Rodriguez J R, Rodriguez D, Esteban M
Department of Biochemistry, State University of New York, Brooklyn 11203.
Virology. 1991 Apr;181(2):742-8. doi: 10.1016/0042-6822(91)90910-4.
To gain insights into the structure-function relationship of the envelope (env) glycoprotein of the human immunodeficiency virus type 1 (HIV-1) we have generated a vaccinia virus (VV) recombinant (VV-14kENV) that expresses a fusion protein (14k-env) consisting of the VV 14-kDa envelope protein (110 amino acids) fused at the C-terminus with HIV-1 env protein (816 amino acids). The 14k-env protein displayed unique structural properties in virus-infected cells. This protein was recognized by 14 kDa-specific antisera as well as HIV-1 env antisera. It was not cleaved during virus infection of cultured cells of various origins, it was stable, it was not released to the medium, and it was not incorporated into virions. Instead of a predicted 174-kDa protein, two proteins of about 110 and 100 kDa were observed. The size reduction of the fusion protein was due to limited glycosylation (110 kDa) and formation of unglycosylated protein (100 kDa). The 14k-env protein formed oligomeric structures and was exposed on the cell surface after virus infection. When mice were inoculated with the recombinant virus that expresses the 14K-env fusion protein, humoral immune response against gp160 was observed. Our findings suggest that 14k-env protein might display novel immunogenic properties.
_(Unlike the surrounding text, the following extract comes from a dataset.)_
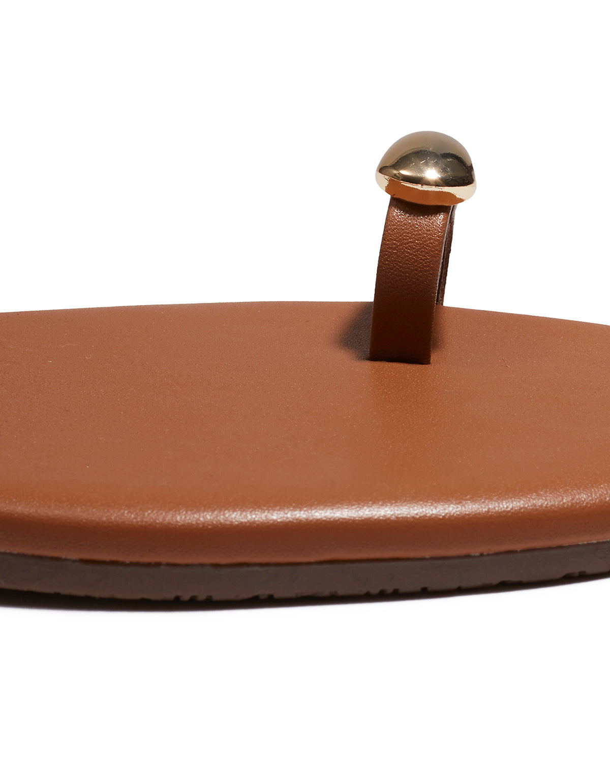 Sandale plate à bout carré avec une lanière asymétrique et une bague d'orteil rehaussée d'un détail métallique.

为深入了解人类免疫缺陷病毒1型(HIV-1)包膜(env)糖蛋白的结构-功能关系,我们构建了一种痘苗病毒(VV)重组体(VV-14kENV),它表达一种融合蛋白(14k-env),该融合蛋白由VV的14 kDa包膜蛋白(110个氨基酸)在C端与HIV-1 env蛋白(816个氨基酸)融合而成。14k-env蛋白在病毒感染的细胞中表现出独特的结构特性。该蛋白可被14 kDa特异性抗血清以及HIV-1 env抗血清识别。在感染各种来源的培养细胞过程中,它不会被切割,具有稳定性,不会释放到培养基中,也不会被整合到病毒粒子中。未观察到预测的174 kDa蛋白,而是观察到两种约110 kDa和100 kDa的蛋白。融合蛋白大小的减小是由于有限的糖基化(110 kDa)和未糖基化蛋白(100 kDa)的形成。14k-env蛋白形成寡聚结构,并在病毒感染后暴露于细胞表面。当用表达14K-env融合蛋白的重组病毒接种小鼠时,观察到针对gp160的体液免疫反应。我们的研究结果表明,14k-env蛋白可能具有新的免疫原性特性。